▸ **Data provided**:
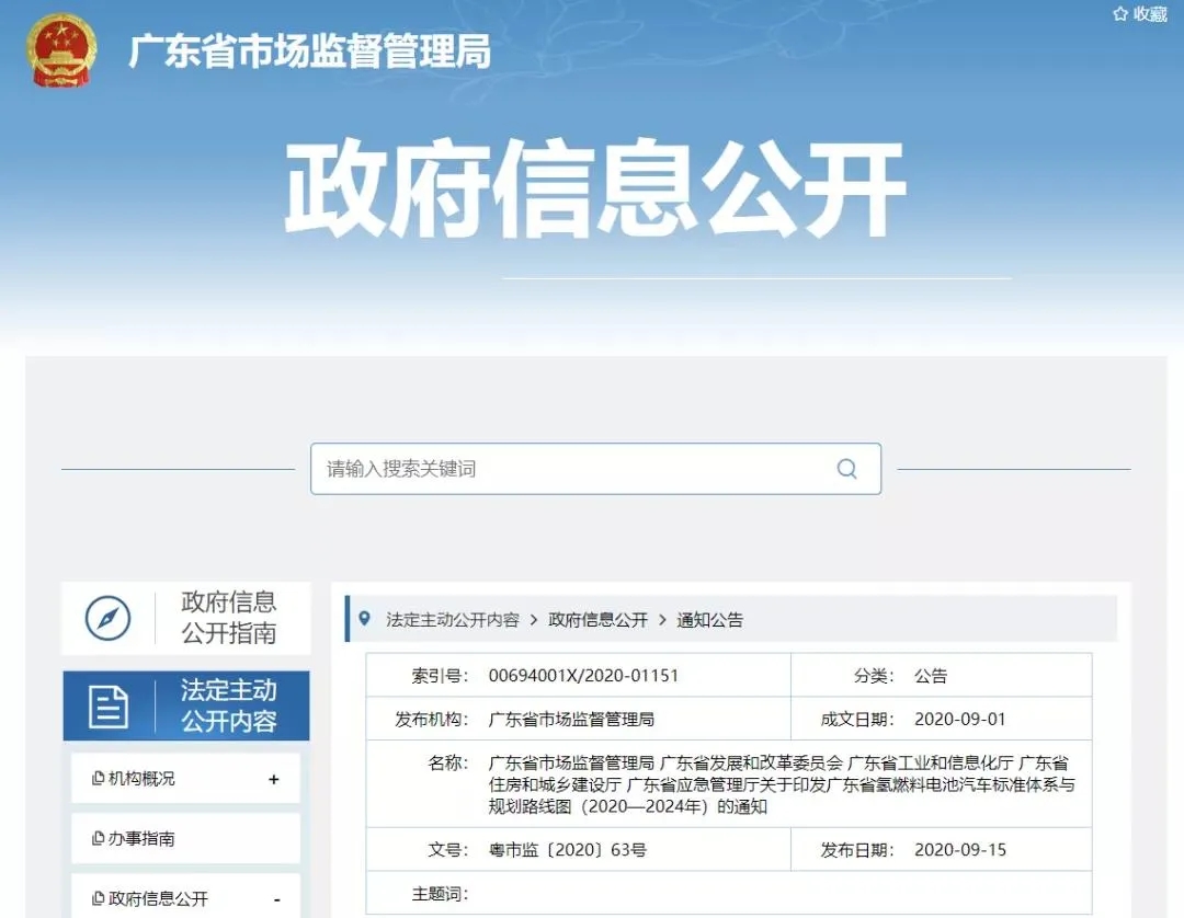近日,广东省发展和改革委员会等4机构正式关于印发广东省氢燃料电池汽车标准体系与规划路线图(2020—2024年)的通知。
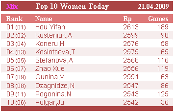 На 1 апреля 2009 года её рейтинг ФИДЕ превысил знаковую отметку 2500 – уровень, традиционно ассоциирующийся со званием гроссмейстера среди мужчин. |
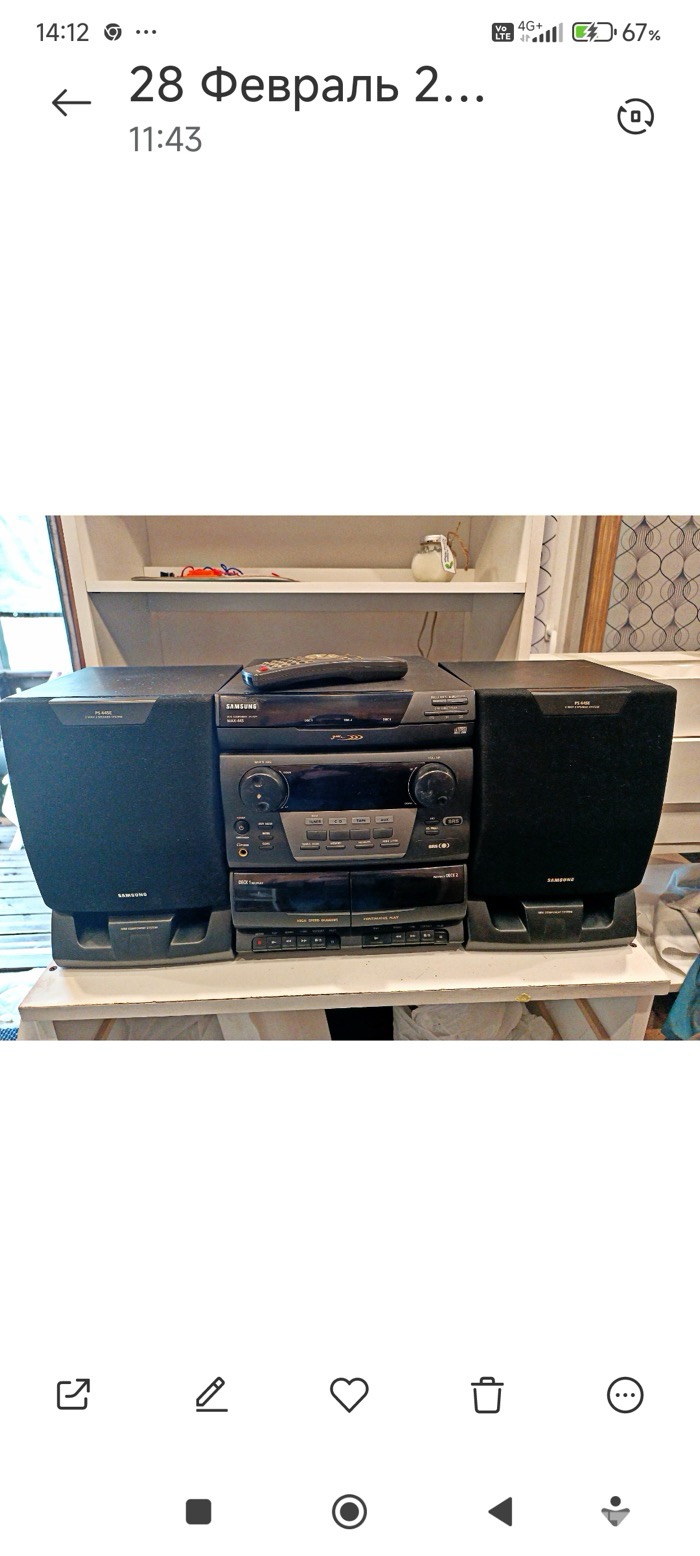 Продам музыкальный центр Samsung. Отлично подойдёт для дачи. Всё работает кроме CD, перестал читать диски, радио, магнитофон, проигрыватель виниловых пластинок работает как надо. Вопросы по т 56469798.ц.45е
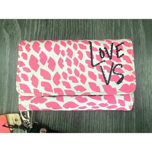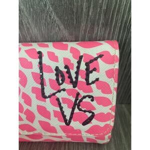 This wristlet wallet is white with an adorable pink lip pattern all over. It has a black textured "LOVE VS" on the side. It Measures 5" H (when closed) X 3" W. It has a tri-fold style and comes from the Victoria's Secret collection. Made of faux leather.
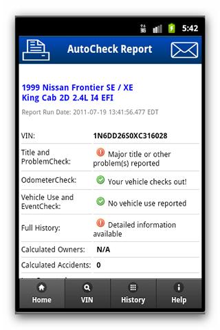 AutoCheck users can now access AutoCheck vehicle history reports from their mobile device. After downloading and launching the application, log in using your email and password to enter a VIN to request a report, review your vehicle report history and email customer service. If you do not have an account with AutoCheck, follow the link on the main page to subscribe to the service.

▸ **Your objective**: Retype every entry word for word, but do not carry over the pictures.

▸ **Result of this exercise**:
近日,广东省发展和改革委员会等4机构正式关于印发广东省氢燃料电池汽车标准体系与规划路线图(2020—2024年)的通知。
 На 1 апреля 2009 года её рейтинг ФИДЕ превысил знаковую отметку 2500 – уровень, традиционно ассоциирующийся со званием гроссмейстера среди мужчин. |
 Продам музыкальный центр Samsung. Отлично подойдёт для дачи. Всё работает кроме CD, перестал читать диски, радио, магнитофон, проигрыватель виниловых пластинок работает как надо. Вопросы по т 56469798.ц.45е
 This wristlet wallet is white with an adorable pink lip pattern all over. It has a black textured "LOVE VS" on the side. It Measures 5" H (when closed) X 3" W. It has a tri-fold style and comes from the Victoria's Secret collection. Made of faux leather.
 AutoCheck users can now access AutoCheck vehicle history reports from their mobile device. After downloading and launching the application, log in using your email and password to enter a VIN to request a report, review your vehicle report history and email customer service. If you do not have an account with AutoCheck, follow the link on the main page to subscribe to the service.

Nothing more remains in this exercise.